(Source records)
***
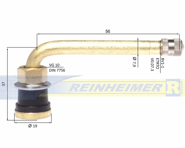 Felgenventil aus Messing für schlauchlose Nutzfahrzeugreifen.
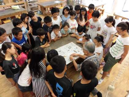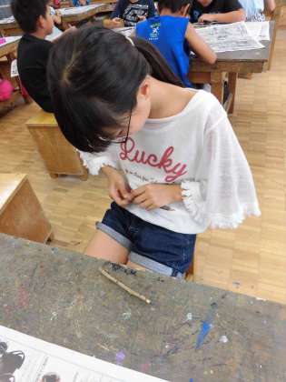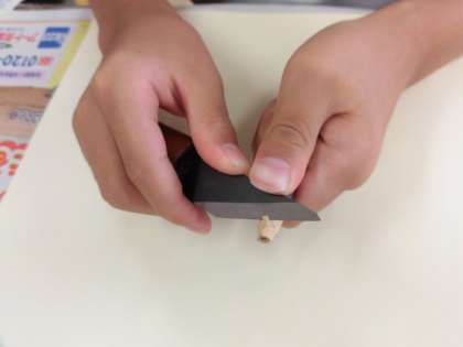 前校長先生の箭内先生の講座です。子どもたちは慣れない小刀を使って、慎重に木の枝を削って仕上げました。
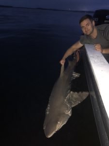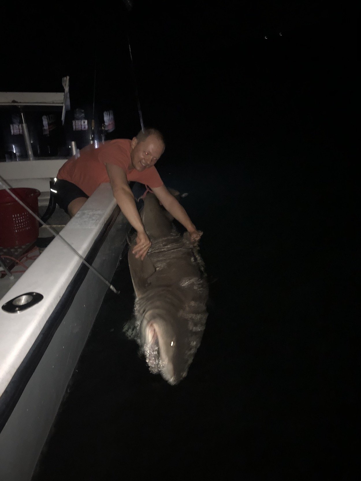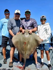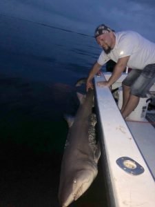 Captain Chase Eberle of Chasin’ Tides Charters reported in on two trips today that produced small rockfish, triggerfish and BIG shark releases.
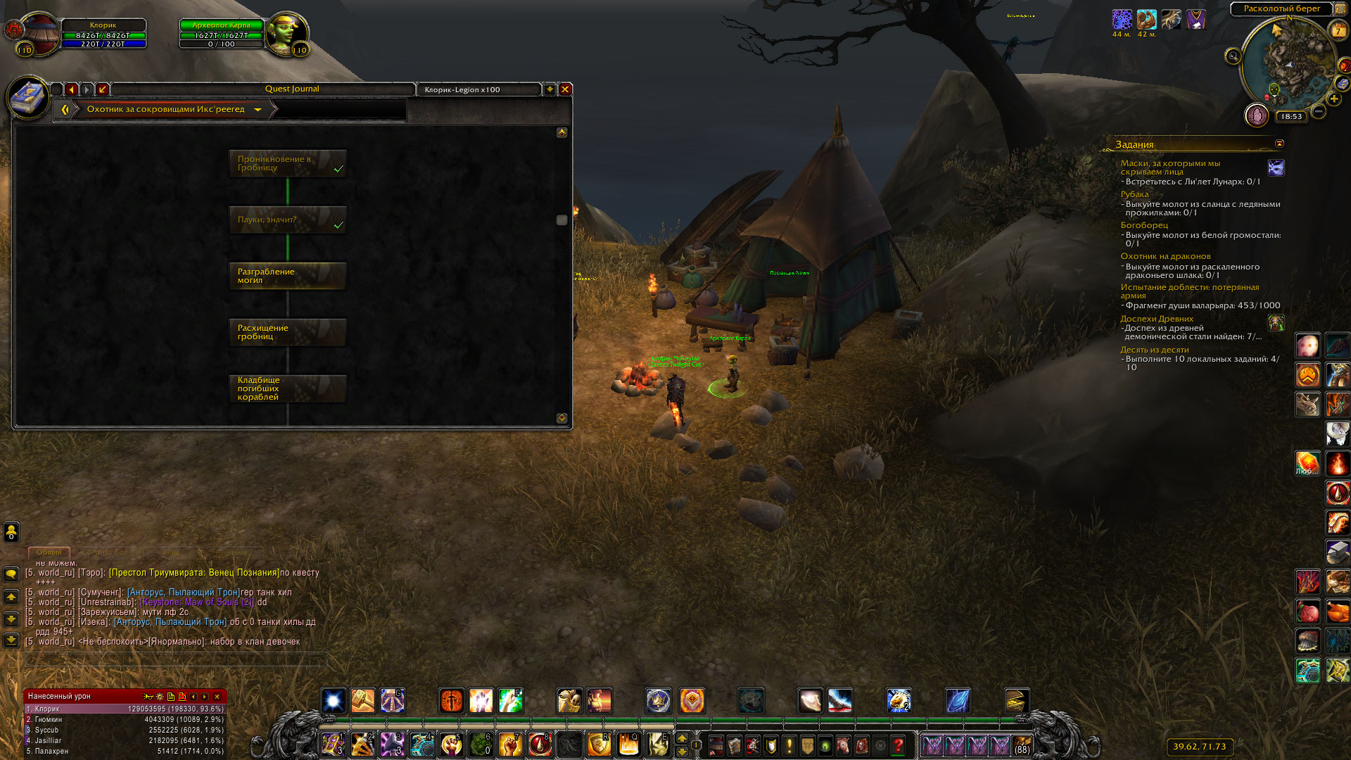 Здравствуйте! Задания у НПС https://ru.wowhead.com/npc=119886/археолог-карла доступны после сдачи предыдущего квеста только спустя сутки. Т.е. Вы сдали задание https://ru.wowhead.com/quest=46499/пауки-значит , а следующее задание https://ru.wowhead.com/quest=46501/разграбление-могил будет доступно только через сутки. Бага нет, тему закрываю. |
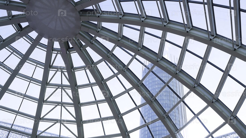 Стеклянный купол современного здания. Вид изнутри комнаты. Легкая конструкция прозрачной крыши, сделанная из круглых стальных труб. Архитектурный фон. Стеклянный купол изнутри на фоне небоскреба
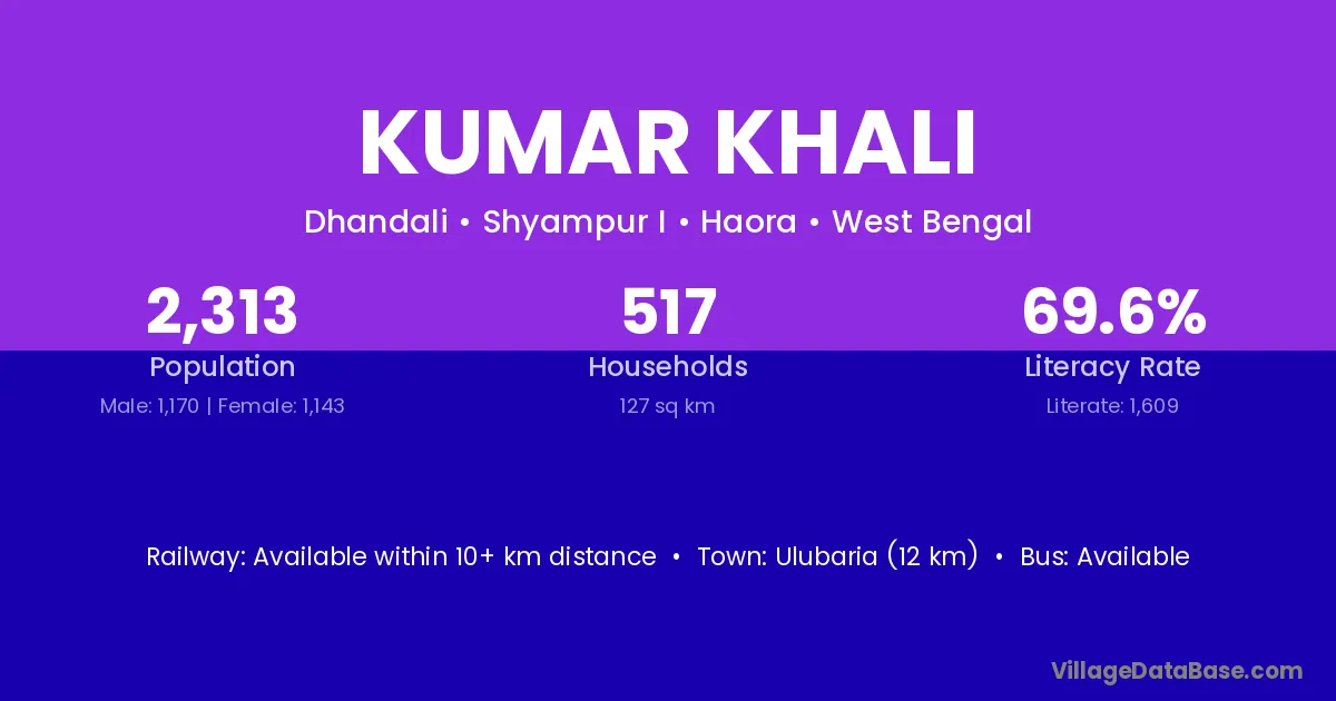 Ulubaria (12 km) is the nearest town to Kumar Khali village for major economic activities and is located approximately 12 km away.
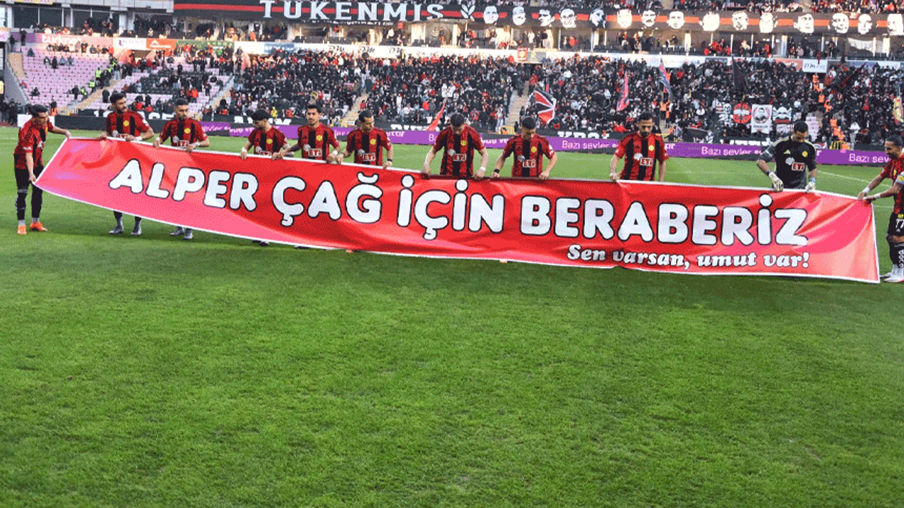 Balıkesirspor karşılaşmasına “Alper Çağ için beraberiz” yazılı pankartla çıkan Eskişehirsporlu futbolcular, tribünlerden ve kamuoyundan destek istedi.
***
> Task description:
Retype each line of the data exactly, beginning with the first; include the line containing "Ulubaria (12 km)" and stop there, skipping every picture.

> Answer box:
 Felgenventil aus Messing für schlauchlose Nutzfahrzeugreifen.
 前校長先生の箭内先生の講座です。子どもたちは慣れない小刀を使って、慎重に木の枝を削って仕上げました。
 Captain Chase Eberle of Chasin’ Tides Charters reported in on two trips today that produced small rockfish, triggerfish and BIG shark releases.
 Здравствуйте! Задания у НПС https://ru.wowhead.com/npc=119886/археолог-карла доступны после сдачи предыдущего квеста только спустя сутки. Т.е. Вы сдали задание https://ru.wowhead.com/quest=46499/пауки-значит , а следующее задание https://ru.wowhead.com/quest=46501/разграбление-могил будет доступно только через сутки. Бага нет, тему закрываю. |
 Стеклянный купол современного здания. Вид изнутри комнаты. Легкая конструкция прозрачной крыши, сделанная из круглых стальных труб. Архитектурный фон. Стеклянный купол изнутри на фоне небоскреба
 Ulubaria (12 km) is the nearest town to Kumar Khali village for major economic activities and is located approximately 12 km away.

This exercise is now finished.